Other applications could be to apply the inventive method to file types other than lidar point cloud data. For example, a recorded session of a 3D video game play from a game like Fortnite, to keep track of all players in 3D space, their positions, their orientation, their gear and other desired items like events.

Claims

1. A method of lossless compression of a file of lidar point cloud data comprising the steps of:

providing a file of lidar data, representing a predetermined number of frames of raw lidar data, with a set of objects identified and classified within the lidar data;

assigning each identified object an objectId to allow tracking of each identified object’s position in each frame;

for each frame of lidar point cloud data, sequencing the position of each identified object in that frame based on each objects order of appearance in a bounded grid applied to each frame, reading from right to left, top to bottom, with each identified objects position described as their integer offset from the previous identified object in the bounded grid;

wherein each identified objects offset value is stored in the compressed file as a variable width integer datatype.

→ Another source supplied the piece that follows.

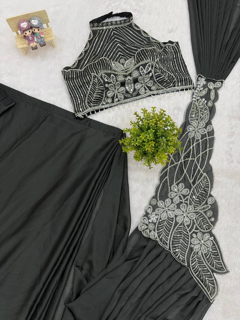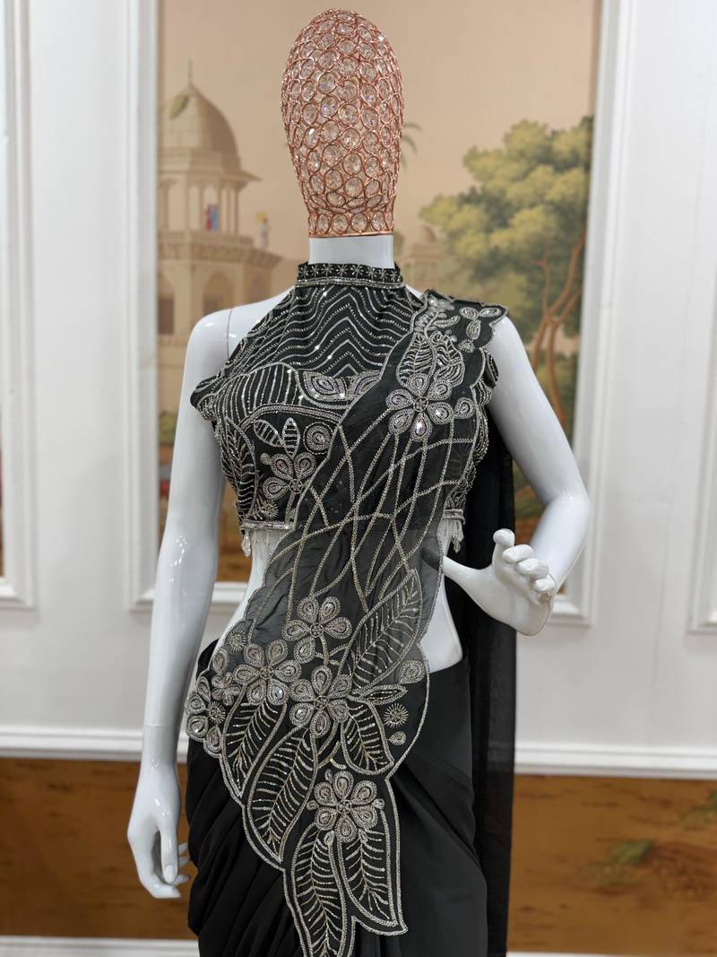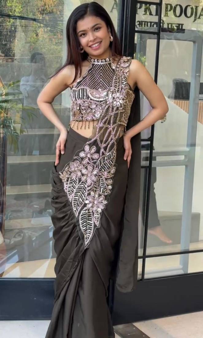 | Product Description | Sophistication Meets Chocolate Saree. The High Fashion Halter Bodice Is Adorned With Vertical Silver Beadwork And Oversized Floral Appliqués That Trail Down The Waist. This Pre Draped Silk Blend Garment Offers A Sharp, Modern Silhouette, Perfect For Fashion Forward Individuals Attending Exclusive Evening Soirées Or Luxury Events. |

2. The method of lossless compression of claim 1 wherein the compressed position data for each object in each frame is further compressed using an additional lossless compression technique to result in the lidargraph compressed file.

3. The method of lossless compression of claim 1 wherein the position of each object is 2D, or (X, Y).

4. The method of lossless compression of claim 1 wherein the position of each object is 3D, or (X, Y, Z).

5. The method of lossless compression of claim 1 wherein the zero based relative offset for the second object position (x2, y2) relative to the first object position (x1, y1) is (20 - x1) + ((y2-y1)-1)*20) + x2.

6. The method of lossless compression of claim 5 wherein the zero based absolute offset for the second object position is its relative offset plus the relative offset of the first object position.

7. The method of lossless compression of claim 1 wherein object indexing is utilized for the first 255 objects to further reduce the lidargraph file size.

8. The method of lossless compression of claim 1 where resolution reduction is utilized to remove data below a threshold level of resolution, the lidargraph file size can be further reduced.

9. The method of lossless compression of claim 8 wherein the threshold is the centimeter level of resolution.